Adam is more angry at his father than at Sonny; I thought there for a minute that he might just haul off and hit him.  Adam could not see that goodness carries its own rewards. He could not see beyond the surface of a brother who had admitted his mistakes and had come practically groveling home.

This patient and understanding father makes one last plea to Adam, “It was fitting to make merry, for this brother of yours was dead and is alive, was lost and is found.  I have regained a son; you have regained a brother!”

Now I feel like I had two prodigal sons: one who left home physically and one who left home in spirit.

What about your home, your relationships.  Who are you?  The younger son, impetuous, wanting to do what you want when you want it.  Wanting to take control of your own life, as if God were not the giver of it all?  Are you the careless thoughtless younger son who is selfish, thinking only of your own desires?

Or are you the older son, the outstanding citizen, who judges others by your own high moral standard?  Someone who never misses church, always does your duty to contribute to God’s work, always follows the rules, never brought shame on the family or church?  Are you jealous of those who haven’t worked as hard, or come from less important backgrounds, be it schooling or wealth or status, who get positions of leadership in the church or community?  Are we surprised at our own depth of resentment of those who “wasted” their lives until now and are put on equal footing with those who have faithfully “stayed home?”

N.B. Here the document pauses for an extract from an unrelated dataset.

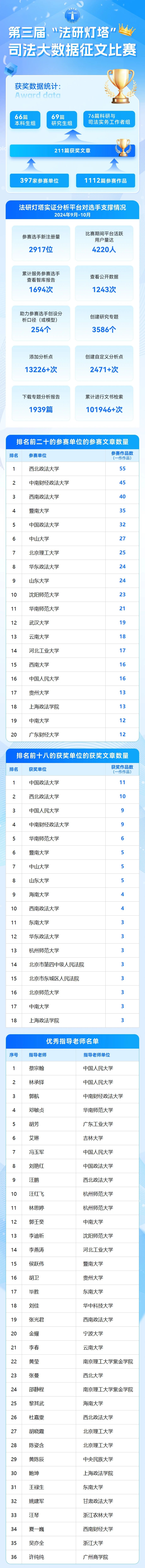 日前,由中國(guó)司法大數(shù)據(jù)研究院主辦的第三屆“法研燈塔”司法大數(shù)據(jù)征文比賽正式落下帷幕,歷經(jīng)廣泛征稿、初審、專家匿名交叉復(fù)審、終審、入圍公示和信息核對(duì),共計(jì)211篇文章斬獲獎(jiǎng)項(xiàng)。

Or are you seeking, growing in love and kindness, in forgiveness and compassion as the father demonstrates?

In our Lenten devotional, “From Fear to Love” for yesterday, Henri Nouwen writes, “I want you to know that you are the younger child, you are the older child and you are called to become the parent who loves unconditionally.  There is a younger child in you that needs conversion, and there is an older child in you that needs conversion.  There is also a parent in you that needs to emerge so that you can welcome all those who “return” to you day after day.”

This is the Word of God!  Thanks be to God!